Pictures are not part of the answer. Write out exactly the lines from the one containing "若い時にして以来のヨガでした" through the end of the material below.
*** Data for this task Section Begins ***
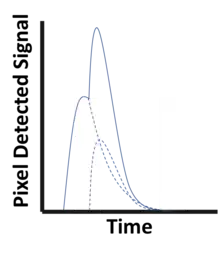 To avoid saturation in areas where little material is present between the X-ray source and the detector, the pulse resolving time must be small compared to the average time between photon interactions in a pixel. Even before saturation, the detector functionality starts to deteriorate because of pulse pileup (see figure to the left), where two (or more) photon interactions take place in the same pixel too close in time to be resolved as discrete events. Such quasi-coincident interactions lead to a loss of photon counts and distorts the pulse shape, skewing the recorded energy spectrum.[2] Due to these effects, the demands on the physical response time of the detector material as well as on the electronics responsible for pulse-shaping, binning and recording pixel data become very high. Using smaller image pixels decreases the per-pixel count rate and thus alleviates the demands on pulse resolving time at the expense of requiring more electronics.
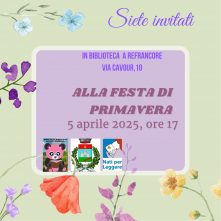 Vi aspettiamo Numerosi presso la Biblioteca Comunale di Refrancore per la Festa di Primavera! Durante l’incontro ci saranno letture ad alta voce a tema primavera, musica , laboratorio creativo e merenda insieme.
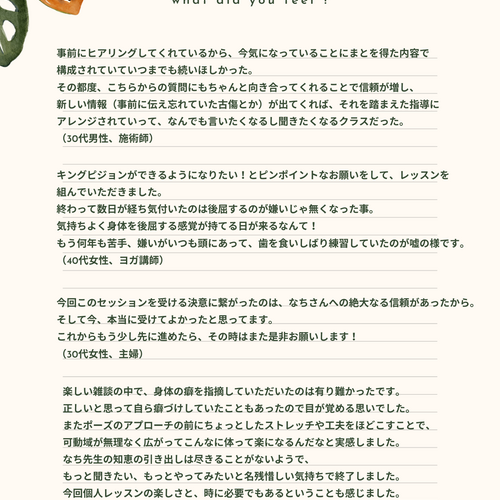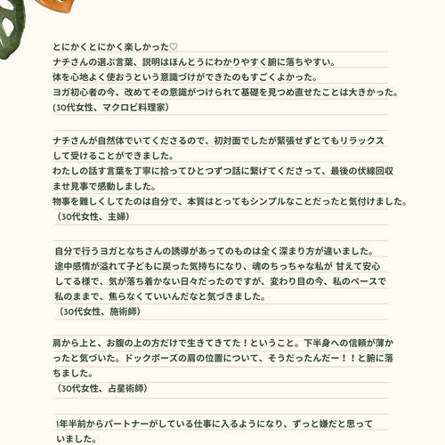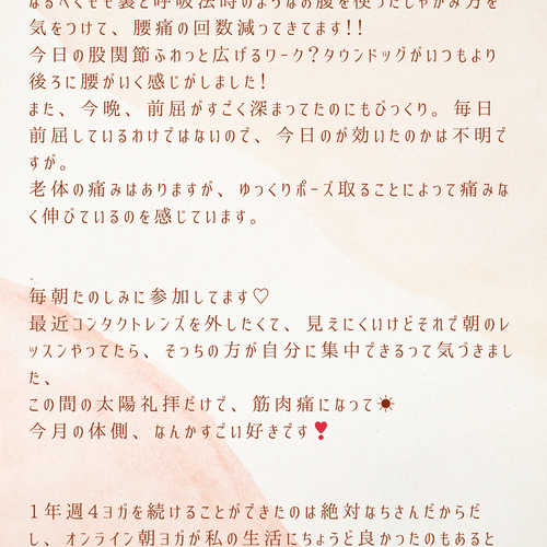 若い時にして以来のヨガでした。からだのあちこちが凝り、関節が硬くなってて、今の私に超超必要!日頃置き去りにしている「からだを感じる」という感覚がとても気持ちよかったです💖続けたいと思います😊
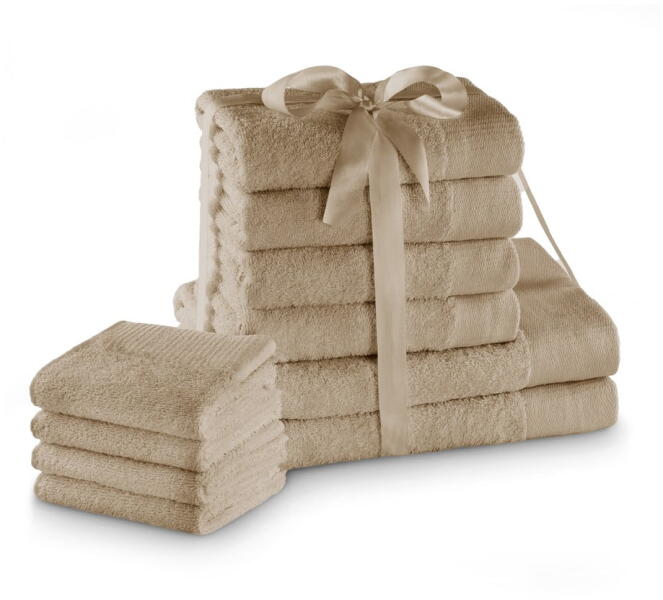 Restilo Bézs frottír pamut törölköző és fürdőlepedő készlet 10 db-os Amari - Restilo
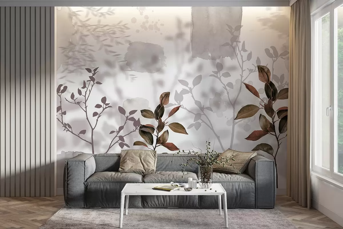 Fototapetak Citromfa levelek, faágak árnyék, természet, akvarell, természetfestmény Nr. w03910
*** Data for this task Section Ends ***
Task result:
 若い時にして以来のヨガでした。からだのあちこちが凝り、関節が硬くなってて、今の私に超超必要!日頃置き去りにしている「からだを感じる」という感覚がとても気持ちよかったです💖続けたいと思います😊
 Restilo Bézs frottír pamut törölköző és fürdőlepedő készlet 10 db-os Amari - Restilo
 Fototapetak Citromfa levelek, faágak árnyék, természet, akvarell, természetfestmény Nr. w03910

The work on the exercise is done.